= Josefina Deland =

Swedish feminist and writer

Josefina (Josephine) Deland (Stockholm, 1 October 1814 – Paris, 8 March 1890), was a Swedish feminist, writer and French teacher. She founded Svenska lärarinnors pensionsförening (Society for Retired Female Teachers), where she served as chairperson from its foundation in 1855 to 1859.

==Life==
Deland was the daughter of the ballet dancer Louis Deland and the actress Maria Deland. Her father was partially French speaking, and she herself visited France during her upbringing, and was a French teacher in Stockholm in the 1840s and -50s. She published a book about the French language in 1839.

Deland was a feminist, and became a pioneer as a women's rights activist in Sweden at a point when no women's movement was organized in Sweden, apart from the isolated example of Sophie Sager.
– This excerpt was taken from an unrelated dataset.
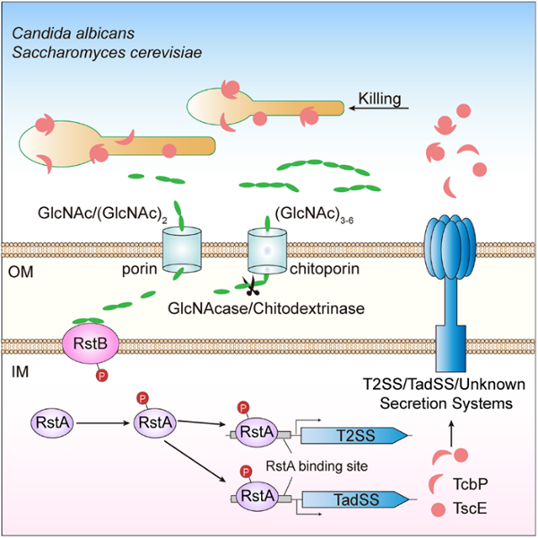 研究发现,细菌在面对真菌竞争者威胁时,通过双组分系统(TCS)的组氨酸激酶RstB将几丁质信号作为PAMP进行识别,进一步激活经典的II型分泌系统(T2SS)及其亚型紧密粘附分泌系统(TadSS),促进几丁质酶TscE和几丁质结合蛋白TcbP的分泌,其中几丁质结合蛋白TcbP可以显著增强TscE的几丁质酶活,帮助TscE降解几丁质生成GlcNAc,(GlcNAc)2和(GlcNAc)3。通过体内和体外细菌-真菌共培养实验证实T2SS/TadSS/TscE/TcbP通路可以有效拮抗真菌,从而增强细菌的生态占位功能。进一步研究RstB受体介导的几丁质类信号识别和信号转导机制发现,RstB通过其周质配体结构域特异性结合几丁质降解产物(GlcNAc)2,进而增强下游调控蛋白RstA的磷酸化水平,激活T2SS/TadSS/TscE/TcbP系统的表达以杀灭真菌。

In 1852, she raised a public debate about the fact that the state did not provide any pension for retired female teachers and governesses, who consequently often ended up at the poor house after retirement. In 1855, the stately retirement fund Svenska lärarinnors pensionsförening was created thanks to her efforts. Her initial demand that the society was to be organised by women, as well as what was perceived as her "aggressive" behavior, was ridiculed by the media, and the debate was long remembered with her words: "No Gentlemen! No Gentlemen!". She was described by a contemporary as a: "Voluptuously curvy shaped lady, whose masculine behavior would have made a revolting impression, had it not been softened somewhat by the golden shine of her hair and the bright play of her eyes".

In 1859, Deland left Sweden for France. She was succeeded as chairperson of the Svenska lärarinnors pensionsförening by Sofia Ahlbom.

The same year, a comedy play by August Säfström with the title Mamsell Garibaldi eller Inga herrar, inga herrar! (Mamsell Garibaldi or No Gentlemen! No Gentlemen!) had its premier at the Humlegård Theater in Stockholm, caricaturing Josefina Deland.